While sacrococcygeal teratoma (SCT) is a tumor originating from the tip of the sacrum, presacral tumors are accompanied by Currarino syndrome (CS) and classified as the Altman’s type IV sacrococcygeal tumors. They are quite different in their pathologies despite the similar location. To the best of our knowledge, there are no published reports comparing their prognosis; therefore, we analyzed their postoperative results and long-term prognosis. Twenty patients with SCT, including CS, who were being followed up at the outpatient clinic of the Department of Pediatric Surgery, Miyagi Children's Hospital between 2004 and 2020, were enrolled in the study. Patients were divided into two groups: those who developed SCT without anorectal malformation and sacral dysplasia, and those who developed presacral tumors with anorectal malformation or sacral dysplasia as CS. Patient records were retrospectively reviewed for clinical details, postoperative complications, and long-term prognosis.

Results

Tethered cord syndrome occurred significantly more frequently in the CS group (p = 0.0108). However, no significant differences were observed for malformations other than tethered cord syndrome. Early complications in the CS group were significantly higher than those in the SCT group (p = 0.023); the most common complication was dysuria. Regarding long-term prognosis, 70% of patients in the CS group complained of defecation disorders, which was significantly higher than that in the SCT group (p = 0.0198). Voiding dysfunction was also more common in the CS group.

Conclusions

There were significant differences between SCT and CS regarding the rate of development of tethered cord syndrome, short-term postoperative complications, and long-term prognosis. Thus, they are different diseases with the only commonality being the presence of a sacrococcygeal tumor. Furthermore, this study indicated that the background and prognosis of the two conditions were also quite different.

Background

Sacrococcygeal teratoma (SCT) is a rare tumor, occurring in 35,000 to 40,000 births [1], with a male-to-female ratio of 1:3-4 [2]. SCT is the most frequent tumor in newborns, when stillbirths are also considered [3]. It can become extremely large, cause massive bleeding and high-output heart failure, and be fatal [4,5,6]. Even after tumor resection and reduction from the acute phase, in some cases, long-term recurrence, malignant transformations, defecation disorders, urinary disorders, and lower limb movement disorders may develop [7,8,9,10]. The functional prognosis of SCT is diverse. Urologic functional disorders occur in 14–51% of cases and defecation disorders occur in 0–47% of cases [7, 8, 11, 12].

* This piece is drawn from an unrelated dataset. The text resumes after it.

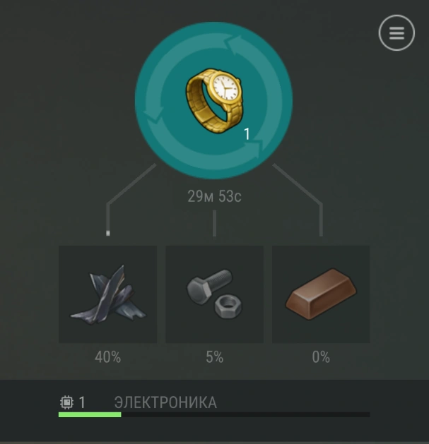 Чтобы разобрать предмет, нужно положить его в ячейку чуть выше центра экрана, после чего запустится сам процесс. В 4-х ячейках ниже будут указаны ресурсы, которые можно получить, и шанс их получения. Этот шанс зависит от уровня прокачки той или иной группы предметов, но об этом пойдет речь чуть позже. Также, что важно, указанный шанс не всегда является таковым, так, шанс получения, например, карбона из огнестрельного оружия зависит также и от прочности этого оружия.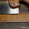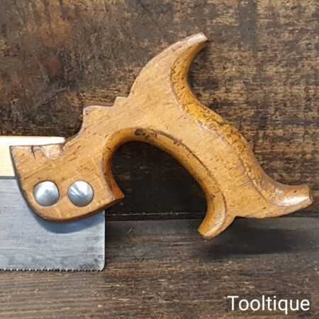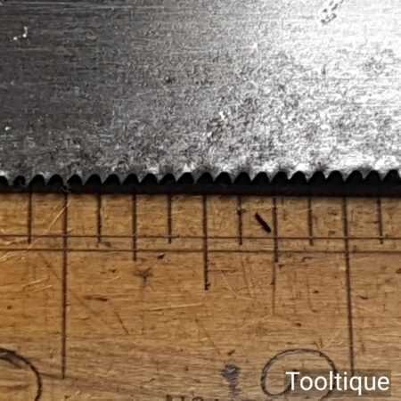 The saw has been thoroughly cleaned, jointed, resharpened, and set by hand so that all the hard work of getting an old vintage saw right has been undertaken. We do this so that the next sharpening is easier and no more than a quick freshen up would be required. Those who are familiar with sharpening will know this is no small job and requires skill, effort, and time to achieve good results.

Currarino syndrome (CS) is well recognized by the Currarino triad of anorectal malformations, sacral abnormalities, and presacral tumors [13]. Presacral tumors have no strict definition and are often treated as part of the Altman classification of type IV SCT [14]. The surgical strategy for CS is tumor resection and anorectoplasty. However, there are few reports on the postoperative outcomes and prognosis. Yoshida et al. [15] reported that 40% of patients with CS remained severely constipated after surgery, ultimately requiring an appendicostomy for antegrade colonic irrigation, and that the true incidence of constipation may be significantly higher than previously thought, because of the different levels of recognition of ongoing symptoms. Lee et al. [16] reported that 83% of patients with CS who underwent surgery had voiding complaints, postoperatively. Since the severity and incidence show dissimilarities from the SCT findings reported thus far, despite tumor resection at the same site, we hypothesized that the prognosis may differ between SCT and CS. To the best of our knowledge, no studies have directly compared CS and SCT; therefore, we classified patients with CS as having sacral dysplasia or anorectal malformations and SCT without comorbidities, and analyzed their postoperative outcomes and long-term prognosis.

Methods

Patient population and data collection

Twenty-three patients with SCT, including CS, who were being followed up at the outpatient clinic of the Department of Pediatric Surgery, Miyagi Children's Hospital between 2004 and 2020, were enrolled. The study was approved by the Ethics Committee of Miyagi Children's Hospital and has, therefore, been performed in accordance with the ethical standards laid down in the 1964 Declaration of Helsinki and its later amendments. Written informed consent was not required, as this was a retrospective study using de-identified data.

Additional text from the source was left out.